** Exercise **
Reproduce the records precisely. Omit every picture.

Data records
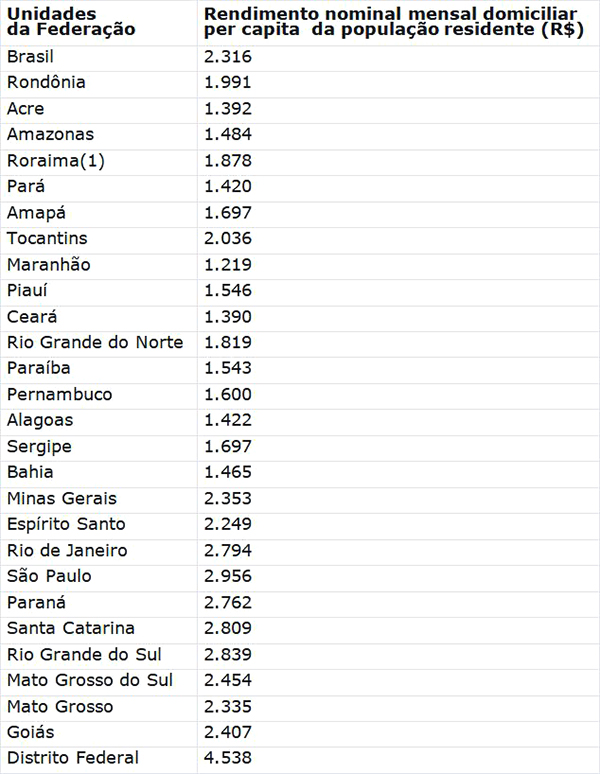 Entre as unidades da federação, esse valor variou de R$ 1.219 no Maranhão a R$ 4.538 no Distrito Federal. Nove estados e o DF superaram o rendimento médio nacional.
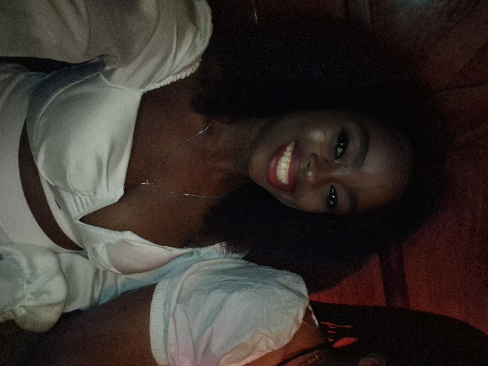 A woman smiles at the camera, wearing a white, low-cut top. She has dark hair and wears bright red lipstick. A thin, silver necklace adorns her neck. The lighting is dim, and the background is a mix of dark shadows and a reddish hue.
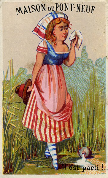 1900? One colored French card presenting a scene from MM and advertising "Maison du Pont-Neuf." 1¾" x 2¾". St. Ouen, August, '15.
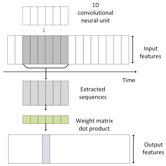 Due to the stability of electricity consumption habits, the power system data possesses apparent repeatability. For example, the curve of regional load data in the same period of two days has substantial similarity, and the photovoltaic generation curve also shows strong similarity in two days with similar climate environments. This similarity provides a reasonable basis for convolutional neural networks. Second, the convolutional neural network can learn patterns’ spatial hierarchy; the first convolutional layer can learn smaller local patterns, and the second convolutional layer further reconstructs the first convolutional layer’s patterns to form larger patterns. This feature can make the convolutional neural network can learn more and more complex and abstract data [26]. Regarding temporal data processing, one-dimension (1D) convolution is commonly utilized. The operational principle of one-dimension convolution is depicted in Figure 3. The 1D convolutional layer is adept at detecting local patterns in a sequence. As the same input transformation is applied to each sequence segment, patterns discovered at one position in the temporal data can be subsequently recognized at other positions, rendering the 1D convolutional neural network translation invariant (concerning time translations).
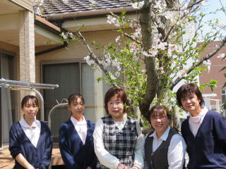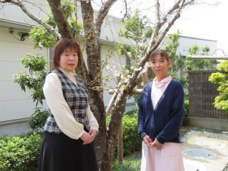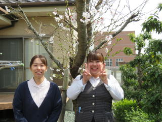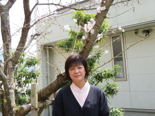 桜の木の前で
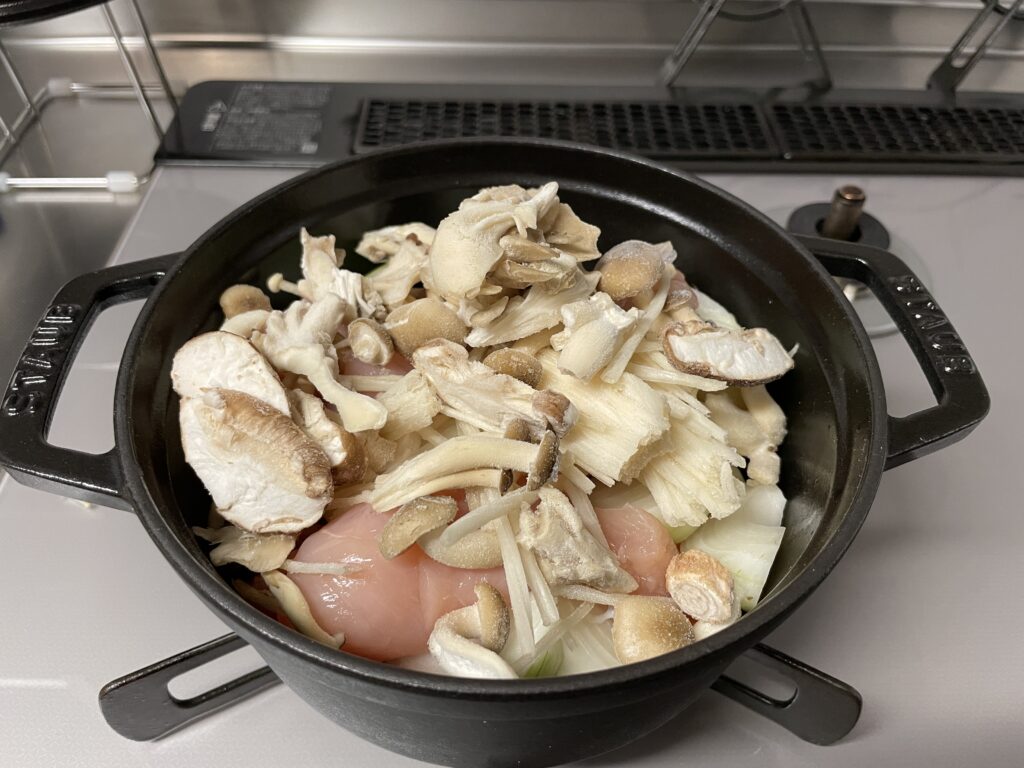 キノコ類・鳥ささみ・じゃがいも・人参・玉ねぎ
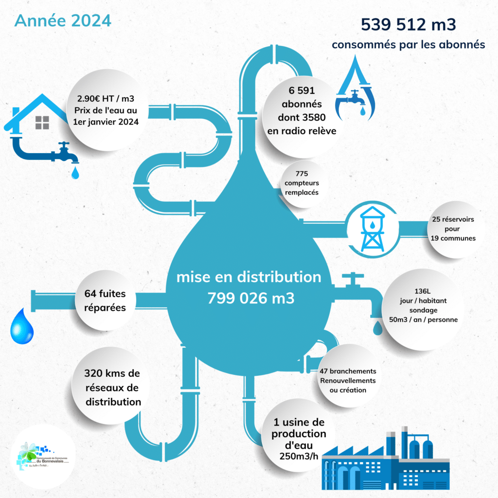 La gestion de l’eau est une compétence essentielle de la  Communauté de Communes du Bonnevalais, qui a pour mission de garantir un accès à une eau potable de qualité tout en préservant les ressources en eau du territoire. Cette compétence est cruciale pour le bien-être des habitants et la protection de l’environnement.
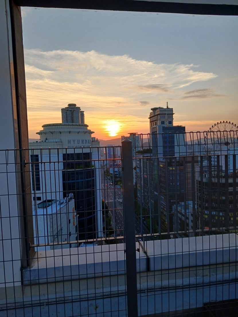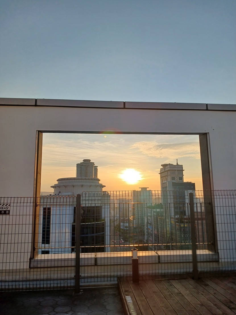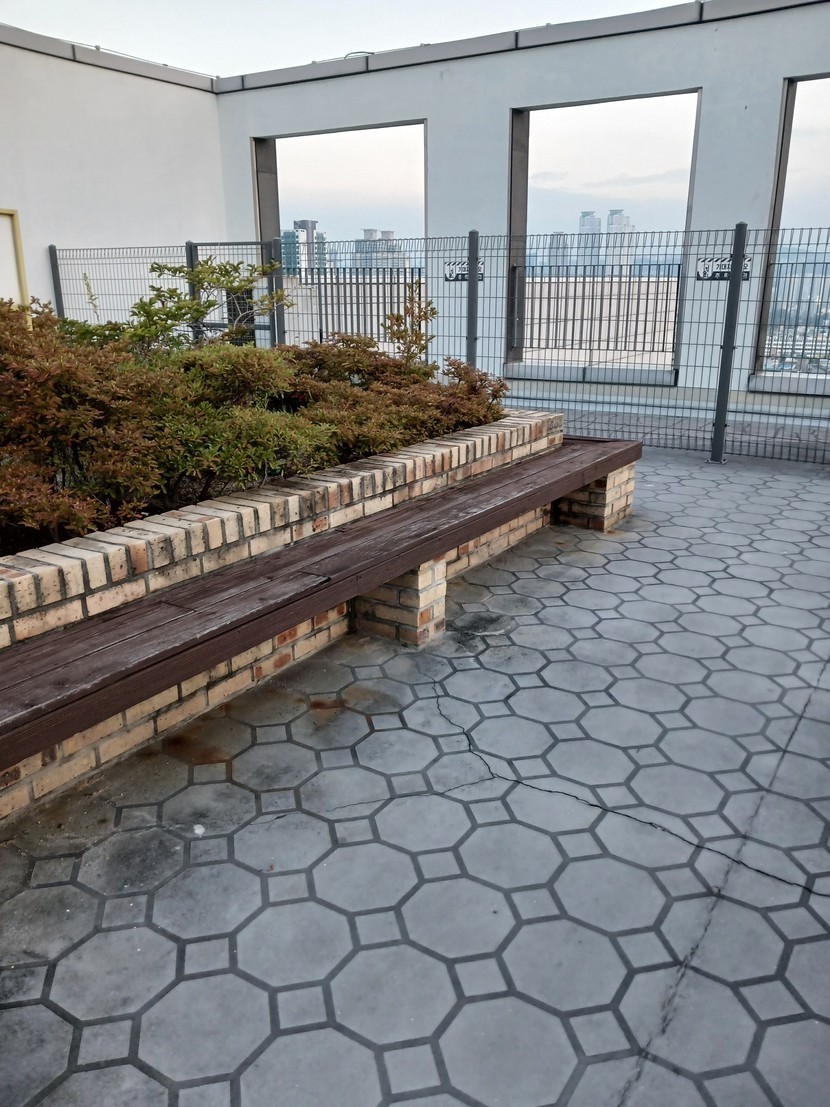 환한 햇살 받으며 옥상 야외정원에서 걷는중

** Output **
 Entre as unidades da federação, esse valor variou de R$ 1.219 no Maranhão a R$ 4.538 no Distrito Federal. Nove estados e o DF superaram o rendimento médio nacional.
 A woman smiles at the camera, wearing a white, low-cut top. She has dark hair and wears bright red lipstick. A thin, silver necklace adorns her neck. The lighting is dim, and the background is a mix of dark shadows and a reddish hue.
 1900? One colored French card presenting a scene from MM and advertising "Maison du Pont-Neuf." 1¾" x 2¾". St. Ouen, August, '15.
 Due to the stability of electricity consumption habits, the power system data possesses apparent repeatability. For example, the curve of regional load data in the same period of two days has substantial similarity, and the photovoltaic generation curve also shows strong similarity in two days with similar climate environments. This similarity provides a reasonable basis for convolutional neural networks. Second, the convolutional neural network can learn patterns’ spatial hierarchy; the first convolutional layer can learn smaller local patterns, and the second convolutional layer further reconstructs the first convolutional layer’s patterns to form larger patterns. This feature can make the convolutional neural network can learn more and more complex and abstract data [26]. Regarding temporal data processing, one-dimension (1D) convolution is commonly utilized. The operational principle of one-dimension convolution is depicted in Figure 3. The 1D convolutional layer is adept at detecting local patterns in a sequence. As the same input transformation is applied to each sequence segment, patterns discovered at one position in the temporal data can be subsequently recognized at other positions, rendering the 1D convolutional neural network translation invariant (concerning time translations).
 桜の木の前で
 キノコ類・鳥ささみ・じゃがいも・人参・玉ねぎ
 La gestion de l’eau est une compétence essentielle de la  Communauté de Communes du Bonnevalais, qui a pour mission de garantir un accès à une eau potable de qualité tout en préservant les ressources en eau du territoire. Cette compétence est cruciale pour le bien-être des habitants et la protection de l’environnement.
 환한 햇살 받으며 옥상 야외정원에서 걷는중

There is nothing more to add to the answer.